Please return exactly the lines from the top of the data through the line that contains "5 ชิ้น) ที่ระบบจะทำการส่งให้โดยอัตโนมัติ", and skip all pictures.

Data segment:
········

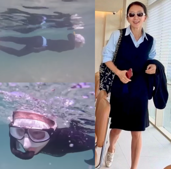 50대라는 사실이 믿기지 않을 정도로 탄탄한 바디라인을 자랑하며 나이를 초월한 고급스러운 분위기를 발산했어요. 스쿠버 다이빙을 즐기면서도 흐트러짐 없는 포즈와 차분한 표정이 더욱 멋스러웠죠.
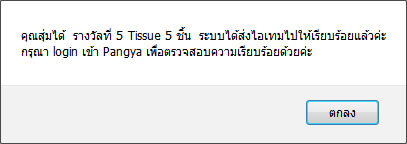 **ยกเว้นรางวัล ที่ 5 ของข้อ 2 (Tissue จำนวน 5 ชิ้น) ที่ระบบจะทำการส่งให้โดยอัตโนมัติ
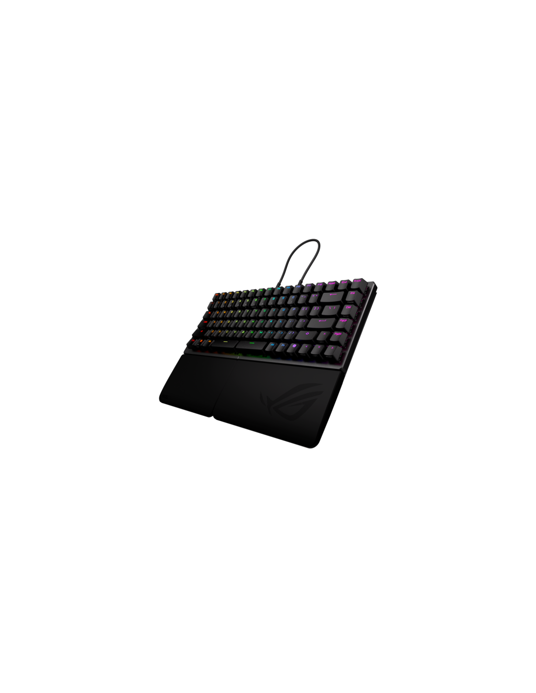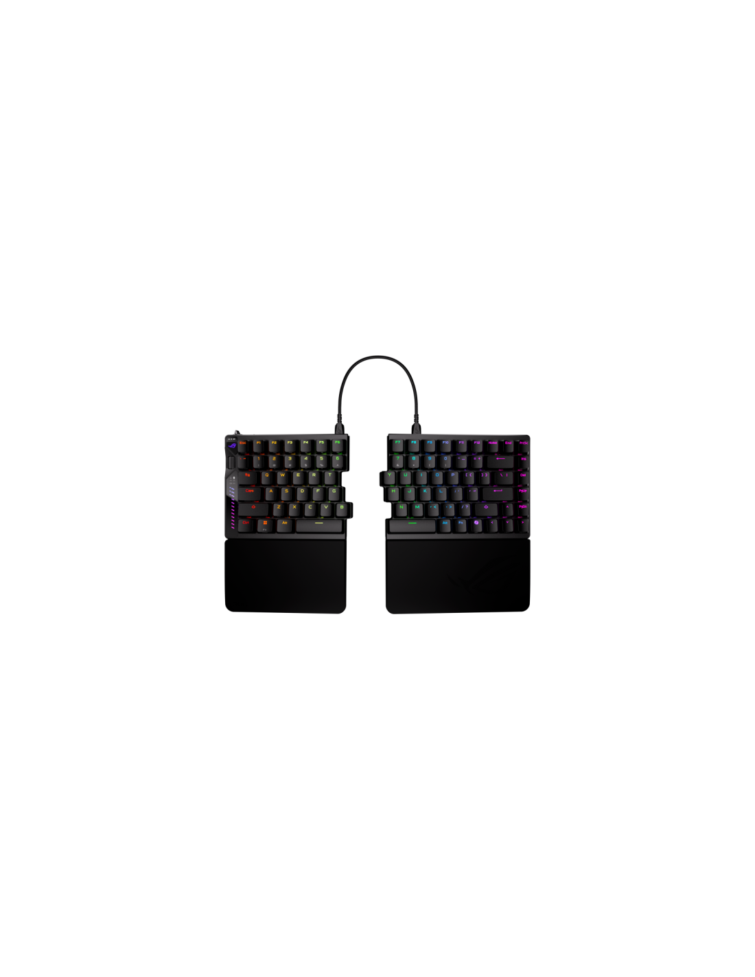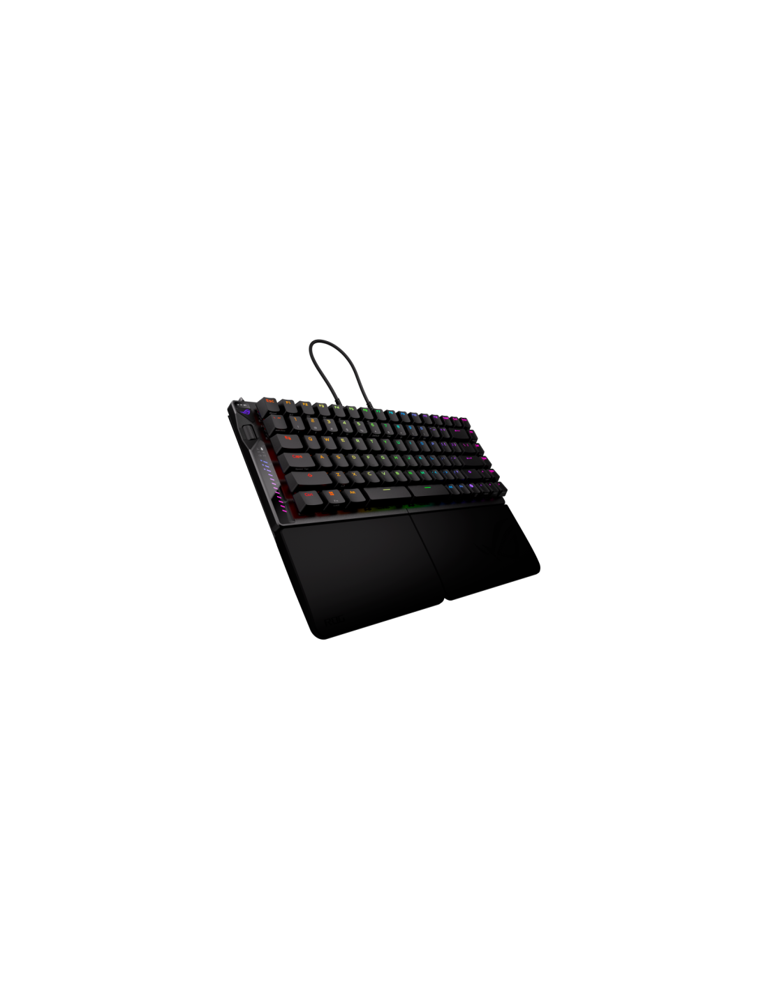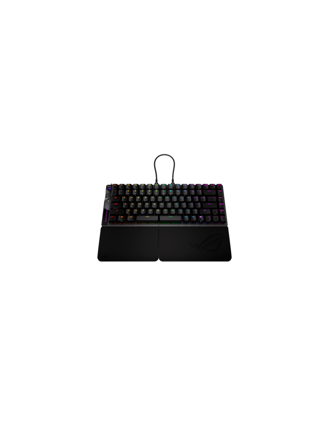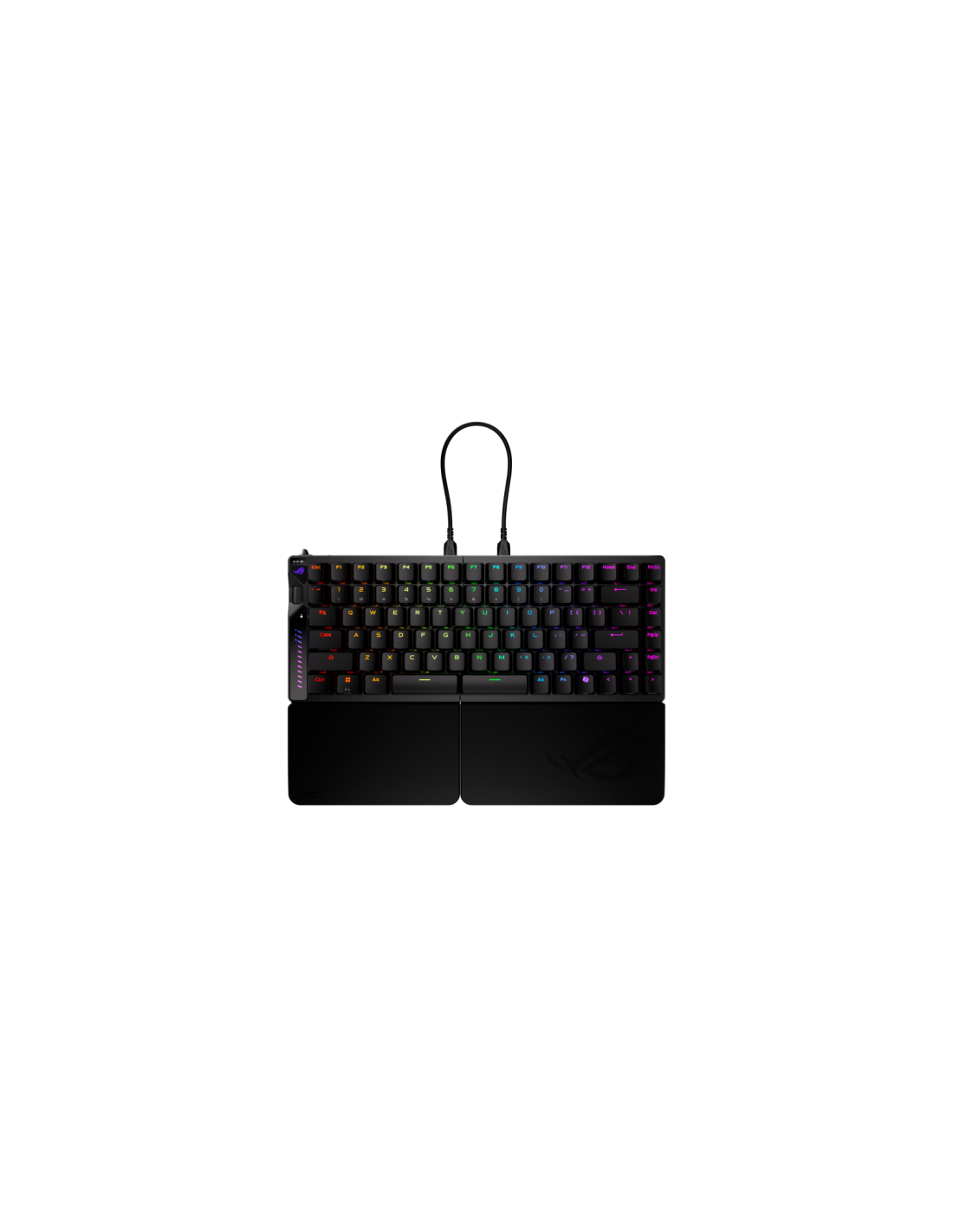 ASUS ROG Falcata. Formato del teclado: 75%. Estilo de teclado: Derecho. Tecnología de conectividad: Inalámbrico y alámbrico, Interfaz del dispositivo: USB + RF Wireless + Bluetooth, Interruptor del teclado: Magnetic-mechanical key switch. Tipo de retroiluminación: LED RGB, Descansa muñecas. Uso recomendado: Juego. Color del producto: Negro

········

Output of the exercise:
 50대라는 사실이 믿기지 않을 정도로 탄탄한 바디라인을 자랑하며 나이를 초월한 고급스러운 분위기를 발산했어요. 스쿠버 다이빙을 즐기면서도 흐트러짐 없는 포즈와 차분한 표정이 더욱 멋스러웠죠.
 **ยกเว้นรางวัล ที่ 5 ของข้อ 2 (Tissue จำนวน 5 ชิ้น) ที่ระบบจะทำการส่งให้โดยอัตโนมัติ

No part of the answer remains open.